### INSTRUCTIONS TO FOLLOW
Please work out how many lines in the entries below include the string "jusqu", and reply with the number alone.

━━━━━ RECORDS

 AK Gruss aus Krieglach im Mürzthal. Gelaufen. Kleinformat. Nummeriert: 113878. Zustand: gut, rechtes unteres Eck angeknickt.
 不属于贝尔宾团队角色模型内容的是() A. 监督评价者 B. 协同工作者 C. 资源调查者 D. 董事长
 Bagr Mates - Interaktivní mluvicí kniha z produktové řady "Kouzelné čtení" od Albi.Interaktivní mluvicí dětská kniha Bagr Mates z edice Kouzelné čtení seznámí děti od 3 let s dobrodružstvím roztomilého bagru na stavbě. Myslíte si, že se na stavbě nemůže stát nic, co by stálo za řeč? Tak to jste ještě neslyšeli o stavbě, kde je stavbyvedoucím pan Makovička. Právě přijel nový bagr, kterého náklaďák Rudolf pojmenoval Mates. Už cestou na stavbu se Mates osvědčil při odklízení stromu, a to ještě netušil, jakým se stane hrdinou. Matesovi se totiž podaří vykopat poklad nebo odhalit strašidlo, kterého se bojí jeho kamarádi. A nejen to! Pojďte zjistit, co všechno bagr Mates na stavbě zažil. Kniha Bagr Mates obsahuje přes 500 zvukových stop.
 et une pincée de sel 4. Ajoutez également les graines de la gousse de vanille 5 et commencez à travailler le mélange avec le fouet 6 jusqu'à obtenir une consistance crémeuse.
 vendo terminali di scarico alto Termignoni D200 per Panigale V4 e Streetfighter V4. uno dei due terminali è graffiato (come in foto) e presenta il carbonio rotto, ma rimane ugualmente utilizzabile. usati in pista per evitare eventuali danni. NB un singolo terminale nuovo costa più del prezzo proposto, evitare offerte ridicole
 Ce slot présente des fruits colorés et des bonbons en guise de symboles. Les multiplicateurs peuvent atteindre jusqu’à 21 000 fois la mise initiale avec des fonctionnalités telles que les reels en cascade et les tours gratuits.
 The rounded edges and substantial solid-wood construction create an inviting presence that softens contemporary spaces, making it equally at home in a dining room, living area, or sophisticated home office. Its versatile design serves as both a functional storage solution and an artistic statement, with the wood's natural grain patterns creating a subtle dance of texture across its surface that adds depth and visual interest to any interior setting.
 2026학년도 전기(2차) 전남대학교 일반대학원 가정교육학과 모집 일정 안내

━━━━━━━━━━
━━━━━ RECORDS

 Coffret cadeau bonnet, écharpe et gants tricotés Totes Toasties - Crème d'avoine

━━━━━━━━━━
━━━━━ RECORDS

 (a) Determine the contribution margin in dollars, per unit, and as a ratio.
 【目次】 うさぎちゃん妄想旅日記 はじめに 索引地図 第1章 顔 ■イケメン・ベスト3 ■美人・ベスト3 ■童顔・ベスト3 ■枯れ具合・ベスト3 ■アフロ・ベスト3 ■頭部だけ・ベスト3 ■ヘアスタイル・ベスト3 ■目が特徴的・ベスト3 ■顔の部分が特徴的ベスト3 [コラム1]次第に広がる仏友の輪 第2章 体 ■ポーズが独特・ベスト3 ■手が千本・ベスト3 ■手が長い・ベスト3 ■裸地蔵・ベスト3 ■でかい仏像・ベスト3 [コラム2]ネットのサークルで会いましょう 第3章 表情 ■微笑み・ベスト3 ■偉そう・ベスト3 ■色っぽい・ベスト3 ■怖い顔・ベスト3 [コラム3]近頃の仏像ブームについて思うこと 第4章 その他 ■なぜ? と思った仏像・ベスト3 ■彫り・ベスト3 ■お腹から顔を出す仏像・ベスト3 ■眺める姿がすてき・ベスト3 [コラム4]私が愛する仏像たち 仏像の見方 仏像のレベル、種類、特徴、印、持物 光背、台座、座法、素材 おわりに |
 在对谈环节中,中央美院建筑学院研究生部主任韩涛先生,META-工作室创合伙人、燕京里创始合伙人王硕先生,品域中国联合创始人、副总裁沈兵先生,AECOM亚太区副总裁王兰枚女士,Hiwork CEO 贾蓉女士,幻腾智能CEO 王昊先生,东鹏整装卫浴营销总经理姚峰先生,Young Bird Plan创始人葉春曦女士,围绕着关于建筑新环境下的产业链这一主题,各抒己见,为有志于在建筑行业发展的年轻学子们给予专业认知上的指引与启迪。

━━━━━━━━━━

### EXERCISE ANSWER
2